In a significant stride towards sustainable construction, researchers have developed a deep learning model that could revolutionize the way geopolymer concrete (GPC) is designed and utilized, particularly in the energy sector. This innovation, led by Yang Yu from the Centre for Infrastructure Engineering and Safety at the University of New South Wales, offers a promising solution to predict the compressive strength of fly ash and slag-based GPC with remarkable accuracy.
Geopolymer concrete, a sustainable alternative to traditional Portland cement concrete, uses industrial by-products like fly ash and ground-granulated blast-furnace slag (GGBS). However, optimizing its compressive strength has traditionally required extensive and costly experimental trials. Yu’s research introduces a deep learning model based on convolutional neural networks (CNN) that integrates key mix parameters and chemical compositions, making it chemistry-informed.
“The model not only predicts the compressive strength but also identifies the most influential factors affecting it,” Yu explained. “This level of insight is crucial for optimizing the mix design and performance evaluation of GPC.”
The model’s architecture includes two convolution layers, global max-pooling, and two fully connected layers, with 11 input variables and a single output for compressive strength prediction. To enhance accuracy, the enhanced bat algorithm (EBA) was used for metaparameter tuning. The results were impressive, with the EBA-optimised CNN outperforming traditional learning models like support vector machine (SVM), extreme gradient boosting (XGBoost), and artificial neural networks (ANN). The model achieved R2 values of 0.997 for training and 0.978 for testing.

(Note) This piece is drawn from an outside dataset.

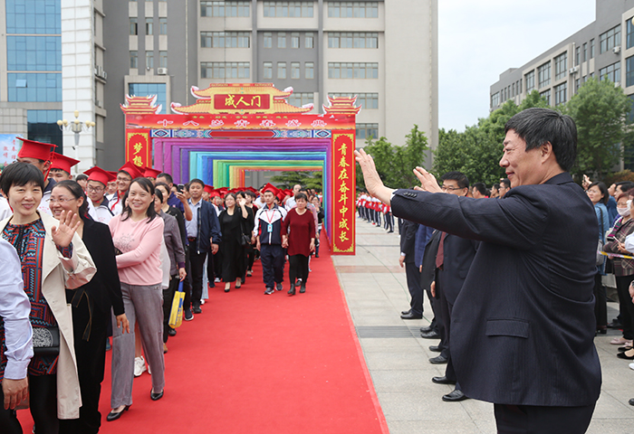 求真广场上,一座长20米、由18道彩门组合而成的成人门矗立其中,高大壮观,鲜红的地毯贯穿其中,主席台上“奋斗、青春、感恩、责任”几个大字分外醒目,浓浓的仪式感让这个特殊时刻显得格外隆重。

“This research demonstrates the potential of deep learning techniques in the construction industry,” said Yu. “By providing a cost-effective and accurate solution for predicting the strength of GPC, we can significantly reduce the time and resources required for mix design and performance evaluation.”
The study, published in the journal ‘Developments in the Built Environment’ (translated as ‘建筑环境发展’), highlights the importance of integrating advanced technologies in sustainable construction practices. The Shapley additive explanations (SHAP) method was used to interpret the model, identifying the Na2O to binder ratio and curing age as the most influential factors on compressive strength.
As the energy sector increasingly focuses on sustainability and reducing carbon footprints, the adoption of geopolymer concrete is expected to grow. This research provides a robust tool for optimizing GPC, making it a more viable and attractive option for large-scale construction projects. By leveraging deep learning and advanced algorithms, the construction industry can achieve greater efficiency, cost savings, and environmental benefits.
“This is just the beginning,” Yu added. “As we continue to refine and expand the model, we anticipate even greater advancements in the field of sustainable construction.” The implications of this research extend beyond the construction industry, offering valuable insights for researchers, engineers, and policymakers working towards a more sustainable future.